Works around the world usually do not deal with rehabi­litation after a supracondylar fracture; some works pre­sent the view that the physical activity of children alone is sufficient to restore the range of movements [17]. At our site, professional rehabilitation is the rule and we have good experience with it. Often a non-dominant limb is injured, which leads to the neglected exercising of the limb and therefore it is necessary to motivate the child to exercise.

Conclusion

Supracondylar fractures in children are a fairly common injury encountered by every department of trauma surgery. Their proper treatment will still pose a challenge due to possible perioperative risks and subsequent complications. An operational solution should be a privilege of a site with enough experience.
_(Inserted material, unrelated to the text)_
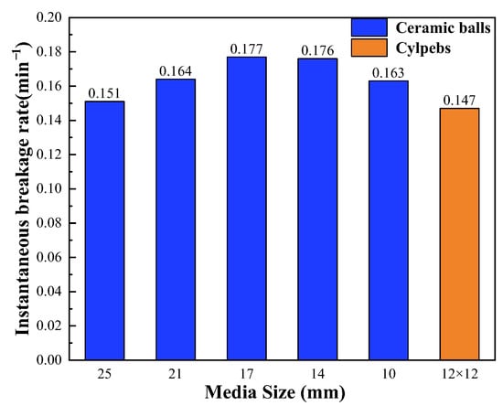 Compared with 12 × 12 mm cylpebs, 17 mm ceramic balls have the same single mass, total number of grinding media, and total mass, but a larger total surface area. As illustrated in Figure 6, the instantaneous breakage rate (0.177 min−1) of 17 mm ceramic balls is larger than that (0.147 min−1) of 12 × 12 mm cylpebs. This may reflect the fact that ceramic balls have a larger total surface area than cylpebs, which is beneficial to fine grinding with the same total charge mass and same total number of charges.

Some questions about therapeutic procedures have not yet been answered and provide space for further examination. In the global view, there is ambiguity in the operational versus conservative treatment of Gartland type-II fractures, advantages and disadvantages of fixation with crossed Ki-wires versus lateral approach, and the management of lateral and management of blood supply disorders in the sense of pink-pulseless limb. More attention would also be given to the evaluation of the effect of rehabilitation.